Virus and Immune Response Model 2

\[\begin{aligned} \dot U & = n - d_U U - b U V \\ \dot I & = bUV - d_I I - k_T T I \\ \dot V & = \frac{p}{1+k_F F}I - d_V V - gb UV \\ \dot F & = r_F I - d_F F \\ \dot T & = r_T T V - d_T T \end{aligned}\]

Models 1 and 2

\[\begin{aligned} \dot U & = - b U V \\ \dot I & = b U V - d_I I - k_T T I \\ \dot V & = \frac{p}{1+k_F F}I - d_V V - gb UV \\ \dot F & = r_F I - d_F F \\ \dot T & = r_T T F - d_T T \end{aligned}\]

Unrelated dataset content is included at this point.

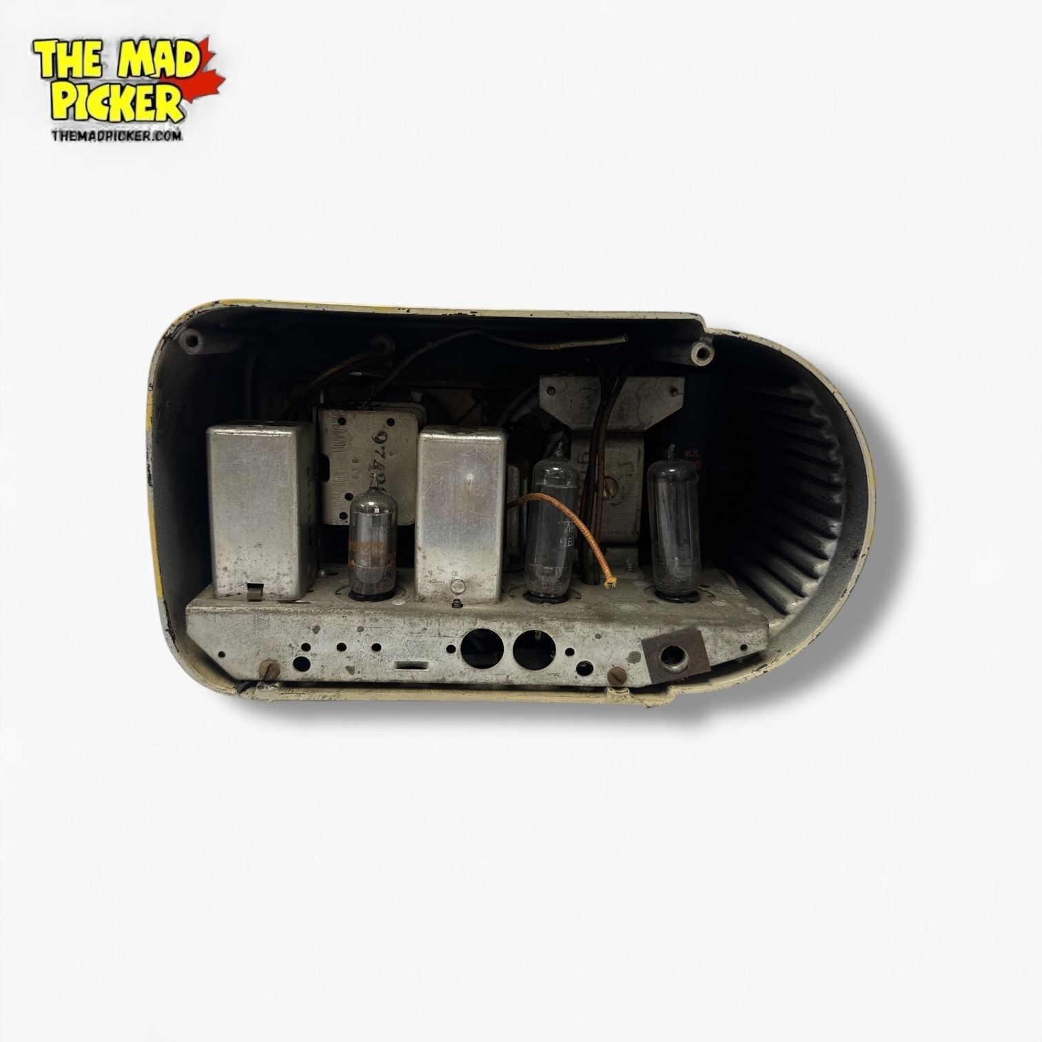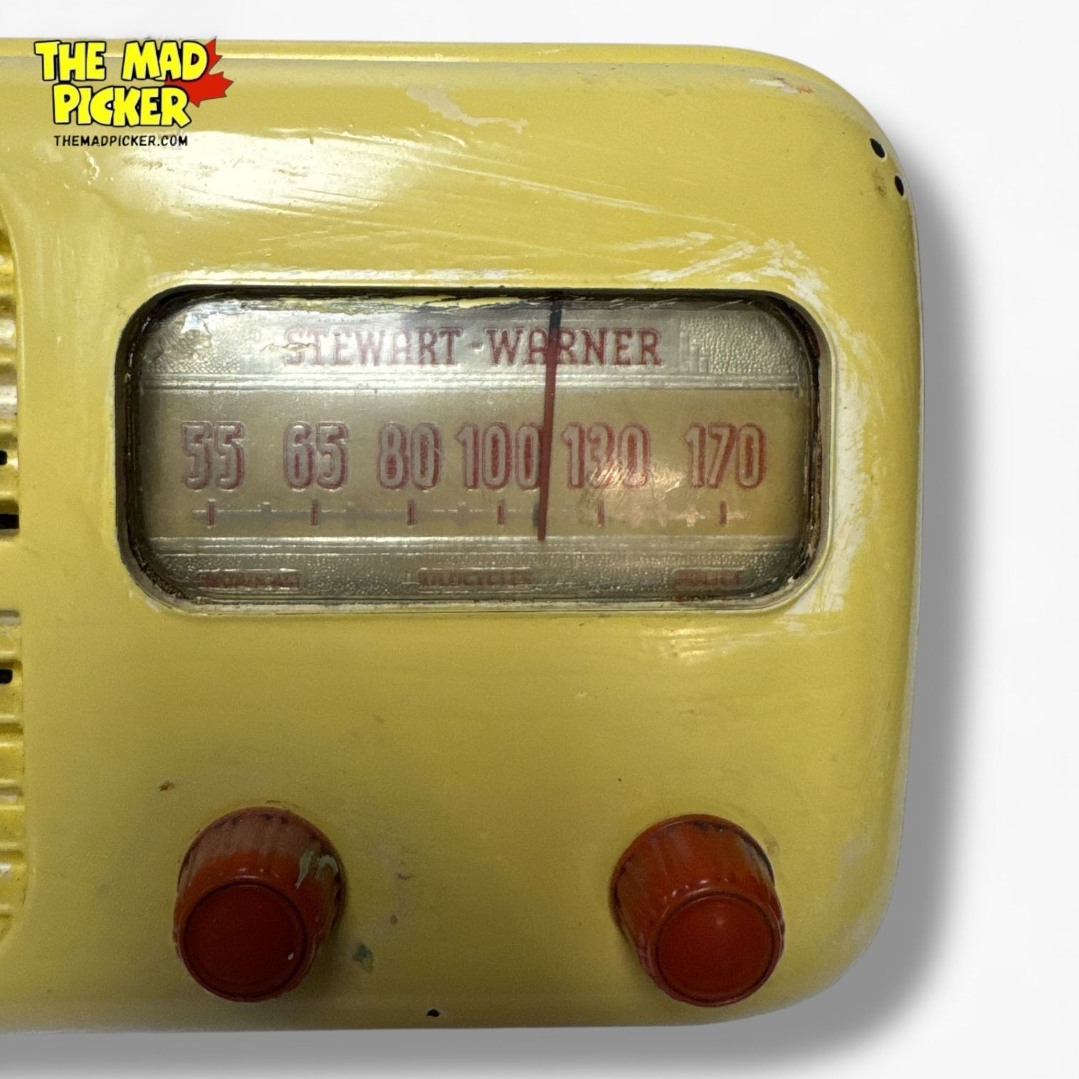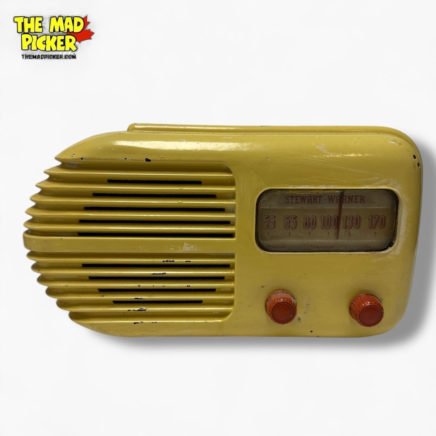 Stewart-Warner R-552 'Bullet' (or 'Campus') tube radio, produced in 1941 by Stewart-Warner Corporation. Features midget-style design with rounded aerodynamic shape and horizontal grille slats. Constructed from painted Bakelite. Includes 5-tube or 6-tube superheterodyne AM circuit.

\[\begin{aligned} \dot U & = \color{blue}{n - d_U U} - b U V \\ \dot I & = bUV - d_I I - k_T T I \\ \dot V & = \frac{p}{1+k_F F}I - d_V V - gb UV \\ \dot F & = r_F I - d_F F \\ \dot T & = \color{blue}{r_T T V} - d_T T \end{aligned}\]

Virus and Immune Response Model 3

U - uninfected cells
I - infected cells
V - (free) virus
F - innate immune response
T - CD8 T-cells
B - B-cells
A - Antibodies

Model Diagram

Model Equations

\[ \dot U = n - d_U U - bUV\\ \dot I = bUV - d_I I - k_T T I\\ \dot V = \frac{pI}{1+s_F F} - d_V V - b UV - k_A AV \\ \dot F = p_F - d_F F + \frac{V}{V+ h_V}g_F(F_{max}-F) \\ \dot T = F V g_T + r_T T\\ \dot B = \frac{F V}{F V + h_F} g_B B \\ \dot A = r_A B - d_A A - k_A A V \]

Model Exploration

Explore any/all of the “IR” models in the virus models section

Homework

If you haven’t already, take a look at the “Basic Bacteria Model” app and go through - in as much detail as you have time - the “What to do” tasks. You can try yourself first, or look at the solution right away.
Take an especially close look at the solution for task 6, we will use a similar approach tomorrow.